Blogs n' Ends
-Who among us doesn't think Britney Spears got so fucked up in Vegas she hauled off and married that childhood friend of hers?
-According to Fortune Magazine, Smucker's, Starbucks, The Container Store and The Scooter Store are among the Top 100 places to work in America. America's most admired companies include Walmart, Southwest Airlines, Dell Computer and Starbucks (again).
-That crook who shot Kinks' legend Ray Davies in New Orleans needs to be tried in Texas and dealt with accordingly.
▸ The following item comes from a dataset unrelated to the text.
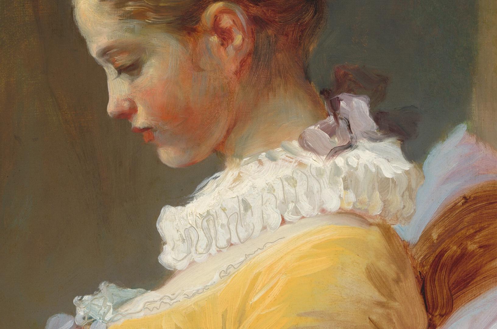 Fragonard’s brushwork is as much the subject of this painting as the young woman. A flurry of rapid marks captures her blushing face. Bold, fluid strokes of unblended color define her dress, ribbons, and cushion. Fragonard created the lace of her ruff (the frill around her neck) and the bodice of her dress by dragging his brush handle through the paint while it was still wet. Young Girl Reading is part of the “fantasy portrait” series, in which Fragonard’s friends and patrons are dressed in elaborate costumes. He supposedly painted each portrait in an hour. Like the others in the series, the girl in this painting originally faced the viewer, but Fragonard later repainted her absorbed in reading. (NGA)

That bastard just shouldn't have be shooting at a retired Kink.
-I've been off beef since the Canucks sent us Mad Cow disease. I've tried to pretend I forgot, but even the idea of eating a slim beef taco makes my stomach start to lurch.
-On Tuesday, I start back in with my personal trainer, Willie, every other day until one of us dies. I tried to do it on my own and I didn't gain any weight, but my muscle tone doesn't make me want to walk around naked anymore. I do, however, have a brand new Pilates ball taking up a lot of space in my living room.
-The Army is forcing 7,000 soldiers stationed in Iraq, Afghanistan and Kuwait to keep from opting out of military duty, once they fulfill their contractual
obligations or reach their retirement dates, by means of a Stop Loss Order. Even if they want to quit, too bad. I bet they didn't know about that loophole
when they enlisted.
-Pete Rose finally admitted he bet on baseball games four or five times a week when he was in the business. He admitted it in his autobiography, in hopes
that his 14 years of lying about it won't keep him from the Hall of Fame. He said he would have sought help, "but there were no fancy rehab centers for gamblers like baseball had for drug addicts." I guess Gamblers Anonymous wasn't fancy enough for that clown.
-Consumer debt in the U.S. has more than doubled in the last 10 years. I think it's because Caller ID has made it so much easier to dodge bill collectors.
-Sunday in San Antonio we were able to wear shorts and T-shirts outside. On Monday, I had to wear silks under my clothes to keep from freezing my ass off. I am confused.